もっとも本来は、放課後児童支援員の資格の高難度化が必要です。運営支援はかねて「児童育成支援士」という新たな国家資格を創設すること、児童育成支援士は高度な専門知識を求める難易度の高い資格であることを求めています。現状の、放課後児童支援員は試験制度無しでもいいので5年程度の間隔で再取得を義務付けることです。くれぐれも「学童保育士」なんていう、育成支援を無視する名称の資格に国は興味を示さないようにしてほしいですね。資格が難しくなる=専門性が高まるということになればおのずと報酬額は上がっていくものです。
資格を難しくするには制度を変えることと合わせて業界の実態もまた変わることが欠かせません。専門性を業界として理解できているかどうかが問われるということです。こどもをいつも怒鳴ったり、その日の気分で優しくしたり怒ったりといい加減に仕事をしている児童クラブの職員ではダメだよ、っていうことです。

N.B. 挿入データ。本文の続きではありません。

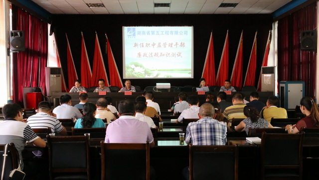 測試內(nèi)容為涉及有關黨風廉政建設和反腐敗方面的法紀條規(guī)、黨內(nèi)監(jiān)督條例等內(nèi)容,公司紀委根據(jù)測試內(nèi)容編寫了《領導干部廉潔從政資料匯編目錄》和《湖南省第五工程有限公司領導干部廉政法規(guī)知識測試題庫》,試題從題庫中隨機抽取,考試成績將作為領導干部本人廉潔從政履職考核內(nèi)容。
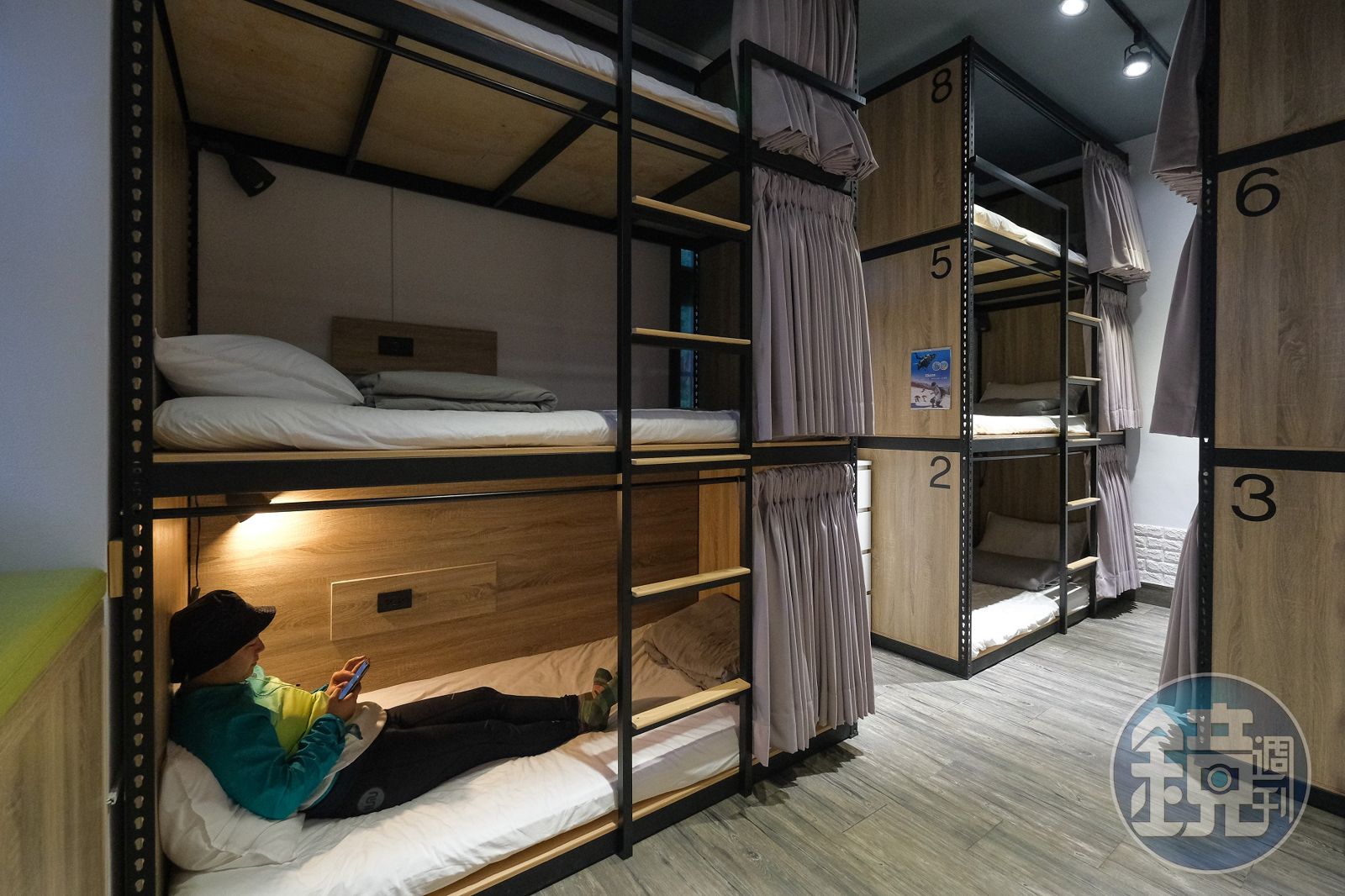 雖然是主打戶外活動的店家,曾瞾軒也結合過往赴紐澳的旅宿經驗,打造出最多可睡20人的青年旅店空間。分為雙人床房型與床位式住宿,以棧板當做床板,簡單的雙人房具有設計感,這兒的床位是加大單人床,躺下去空間寬敞,舒適度也同樣兼具,想要來龍洞感受不同山海氣息的旅客,在地住上一晚,也能感受完全不同的漁村氣息。
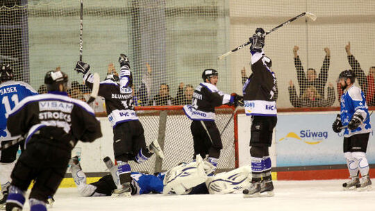 Der EHC Neuwied, Marc Blumenhofen, Philipp Büermann, Jens Hergt (von links) jubelt, doch der Treffer von Andreas Wichterich (nicht im Bild) in der 13. Minute zählt nicht. Blumenhofen soll den ESC-Torhüter Ilja Doroschenko (am Boden) kurz vorher behindert haben und kassiert dafür eine Zwei-Minuten-Strafzeit. Foto: Jörg Niebergall
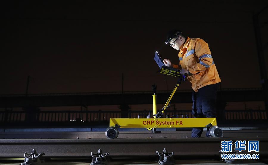 10月18日,劉訓(xùn)飛在滬寧城際上海安亭北線路所42#道岔上使用軌檢小車檢測(cè)線路。 新華社記者 方喆 攝

なんか、がっかりしますね。児童クラブの雇用労働環境が厳しいのは、児童クラブのあらゆる環境がなかなか充実しないのは、児童クラブに投じられるカネが足りないからという当たり前の解消に誰も挑まないことが、残念です。国は児童クラブを当たり前にカネを出せる制度に変えて、社会インフラたる児童クラブの充実を目指してください。委員会や審議会に参加する方々も、「もっとカネを出そうよ」という当たり前のことを訴えてください。期待します。
(お知らせ)
<社会保険労務士事務所を開設しました!>
2025年9月1日付で、わたくし萩原が社会保険労務士となり、同日に「あい和社会保険労務士事務所」を開業しました。放課後児童クラブ(学童保育所)を中心に中小企業の労務サポートを主に手掛けて参ります。なお、放課後児童クラブ(学童保育所)に関して、労働関係の法令や労務管理に関すること、事業に関わるリスクマネジメント、生産性向上に関すること、そしていわゆる日本版DBS制度に関しては、「あい和社会保険労務士事務所」を窓口にして相談や業務の依頼をお受けいたします。「あい和社会保険労務士事務所」HP(https://aiwagakudou.com/aiwa-sr-office/)内の「問い合わせフォーム」から、ご連絡のほど、どうぞよろしくお願いいたします。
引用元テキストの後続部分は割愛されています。